Я сделал Кологривову предупреждающий знак, чтобы он молчал, но его видимо так распирало, что он не обратил на него внимания и громко ответил:

– Княжна Урусова, Марья Николаевна!

– Как княжна? – удивленно воскликнула хозяйка.

– Тот молодой человек, княжна Урусова? – спросил вслед за ней чиновник.

– Так утверждает Алексей Григорьевич, – ответил им лейтенант и все, включая ничего не понимающего француза, уставились на меня.

Я пожал плечами и сел на свой стул.

– Но, позвольте, княжна Урусова погибла вместе с родителями, я собираюсь поехать туда засвидетельствовать, так сказать, – пробормотал Сергей Петрович.

– А она, как видите, жива, – сказал я.

– Почему же тогда княжна одета в мужское платье? – задал идиотский вопрос представитель власти.

Ответ я уже придумал, вполне в духе времени, не допускающий и мысли о побеге барышни с любовником и потому не спешил просвещать взволнованную аудиторию, держал паузу.

– Княжна бежала из дома с вами? – тихо, спросила Кологривова.

– Да, – будничным голосом ответил я, – она бежала из дома, чтобы поступить в гусарский полк и воевать с французами.

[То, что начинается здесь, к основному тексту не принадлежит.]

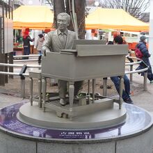福島駅東口(在来線口)の駅前にあります。福島市出身の作曲家でハモンドオルガンを弾く像です。2009年の生誕100年を記念して建てられたものです。2020年のNHK朝ドラで紹介され、一気に注目されました。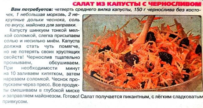 Легкий, сочный и невероятно полезный салат из капусты с черносливом – это настоящая находка для тех, кто следит за своим здоровьем и любит экспериментировать со вкусами. Казалось бы, простые ингредиенты, а в итоге получается блюдо, способное удивить даже искушенных гурманов. Хрустящая свежая капуста, словно белоснежный холст, идеально сочетается со сладостью и дымным ароматом чернослива. Этот контраст текстур и вкусов создает неповторимую гармонию, которая никого не оставит равнодушным. Добавьте к этому сочность моркови, легкую кислинку яблока и пикантность грецких орехов – и перед вами кулинарный шедевр, достойный самого изысканного стола. Приготовление салата не займет много времени и не потребует специальных навыков. Просто нашинкуйте капусту, нарежьте чернослив, натрите морковь и яблоко на крупной терке. Заправьте салат сметаной или йогуртом, добавьте немного лимонного сока и меда для баланса вкусов. Перед подачей посыпьте салат измельченными грецкими орехами. Этот салат не только

Как кавалерист-девица Надежда Дурова.

– LaFrance ? – услышав знакомое слово, спросил де Лафер, но на него никто не обратил внимание.

– Княжна Урусова хочет стать гусаром?! – в один голос воскликнули Кологривовы.

– Какая дура? – недопонял туповатый Сергей Петрович.

– Именно, – веско объявил я, – и княжна Мария Николаевна хотела поступить в армию инкогнито.

– Кем поступить? – переспросил чиновник.

– Какое несчастье, бедная девочка! – покачала головой Екатерина Романовна. – Это ее спасло.

– Гусаром! Она чудо! – в свою очередь, пылко заявил бледный Петр Андреевич.

– QuelaFrance ? – продолжал настаивать француз.

– Теперь расскажите, что вы знаете о гибели Урусовых? – спросил я уездного страдальца.

Не знаю, мой ли вид не внушал Сергею Петровичу доверия, или он не мог связно говорить ни о чем, кроме фортификации и артиллерии, но ничего более внятного, чем то, что крестьяне сожгли чету помещиков прямо в доме он сообщить не смог.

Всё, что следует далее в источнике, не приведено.